-- ACTIVITY --
In the entries below, repeat only the lines between those holding "Un paisaje frío" and "van Rumund、瓦赫寧根大學董事長Aalt Dijkhuizen、伊利集團董事長潘剛等代表出席了揭牌儀式。", inclusive. Leave pictures out.

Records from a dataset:
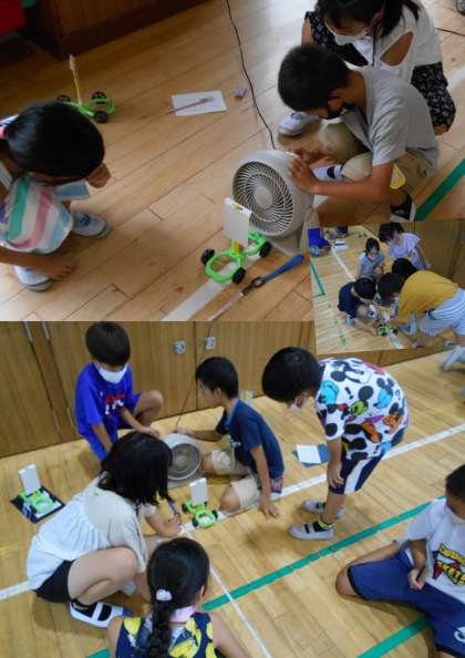 風の強さを変えると車の動きがどのように変わるのかを調べ、強く当てると速く遠くまで車が動くことを確認していました。
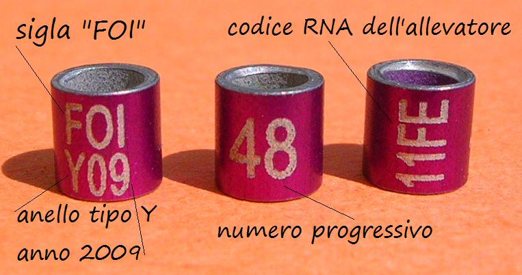 Ciao Michela!! :D Per rispondere alla tua domanda ti metto una bella ( si fa per dire :D )foto con tutte le spiegazioni annesse. Quello è un anello per uccellini ( c'è la sigla F.O.I. federazione ornitologi italiani e non la F.I.A.C.) però penso che il criterio di lettura sia lo stesso anche per i colombi. Qualche volta l'anno di nascita negli anellini dei piccioni è scritto in caratteri più grandi fra il codice allevatore e il numero progressivo del soggetto. Ciao ciao!!!
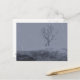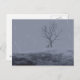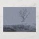 Un paisaje frío y ventoso en 3D en invierno, creado en Vue. Encima de una colina blanca con hielo y nieve, contra un cielo gris tormentoso con lluvia o manto cayendo sostenidamente, un solitario y desnudo árbol de arce se para con un banco de madera debajo.
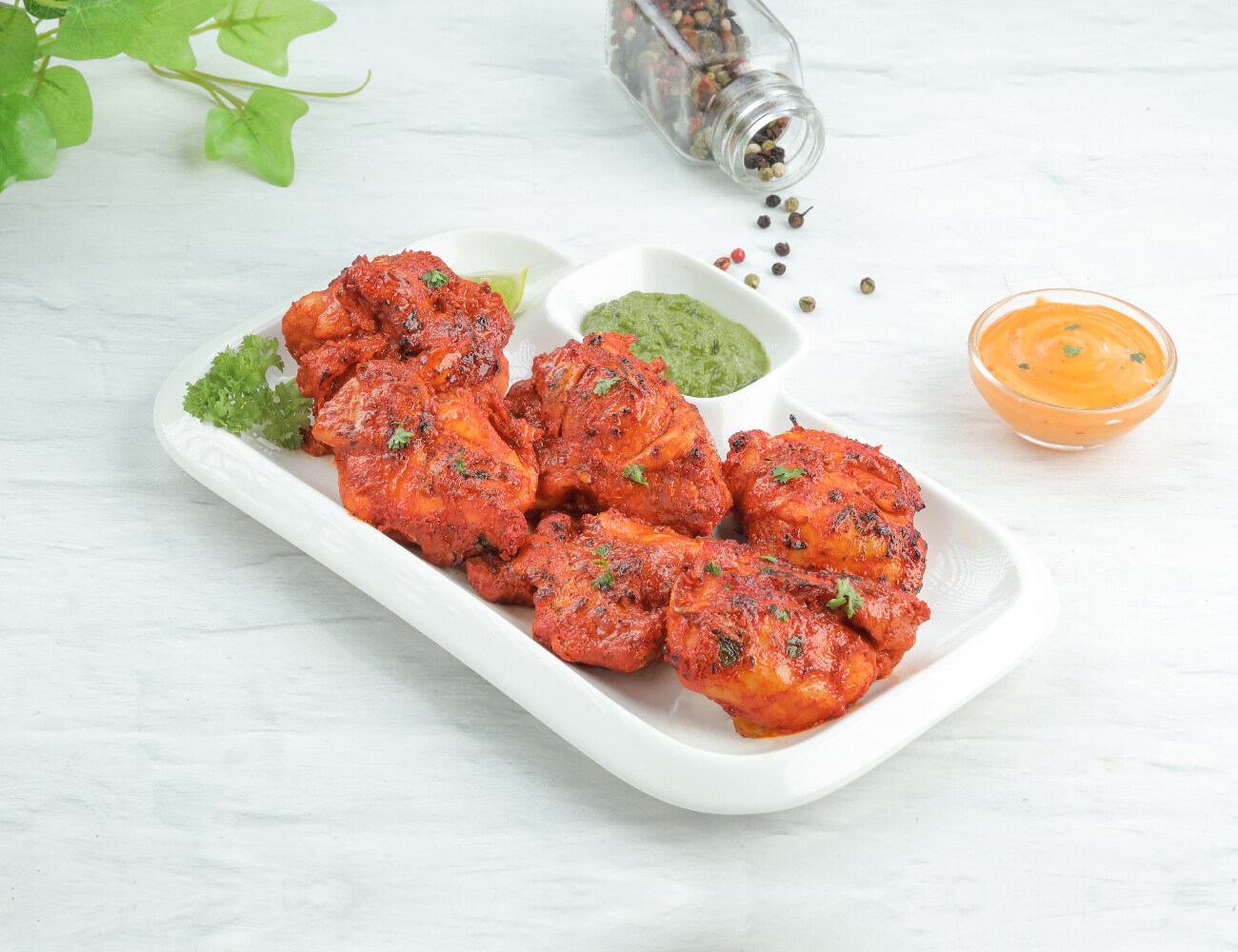 Tender & juicy boneless chicken chunks marinated in peri peri sauce & grilled in a tandoor. Drooling already? Order it!
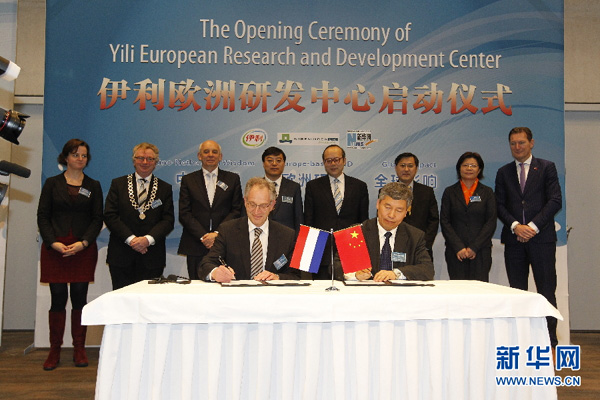 啟動儀式上,伊利集團向到場的上百位歐洲著名學府、研究機構的代表公布了研發(fā)中心2014年度的8個研究方向,中國駐荷蘭大使陳旭、荷蘭外商投資局局長Jeroen Nijland、荷蘭瓦赫寧根市市長Geert van Rumund、瓦赫寧根大學董事長Aalt Dijkhuizen、伊利集團董事長潘剛等代表出席了揭牌儀式。
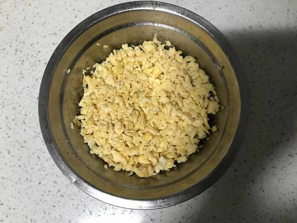 3、另外準備兩三個雞蛋,先在鍋裡把雞蛋炒熟,裝進碗中晾涼。鍋內另外再多加一些油,放些蔥花炒香。然後把油晾涼。

-- TASK RESULT --
 Un paisaje frío y ventoso en 3D en invierno, creado en Vue. Encima de una colina blanca con hielo y nieve, contra un cielo gris tormentoso con lluvia o manto cayendo sostenidamente, un solitario y desnudo árbol de arce se para con un banco de madera debajo.
 Tender & juicy boneless chicken chunks marinated in peri peri sauce & grilled in a tandoor. Drooling already? Order it!
 啟動儀式上,伊利集團向到場的上百位歐洲著名學府、研究機構的代表公布了研發(fā)中心2014年度的8個研究方向,中國駐荷蘭大使陳旭、荷蘭外商投資局局長Jeroen Nijland、荷蘭瓦赫寧根市市長Geert van Rumund、瓦赫寧根大學董事長Aalt Dijkhuizen、伊利集團董事長潘剛等代表出席了揭牌儀式。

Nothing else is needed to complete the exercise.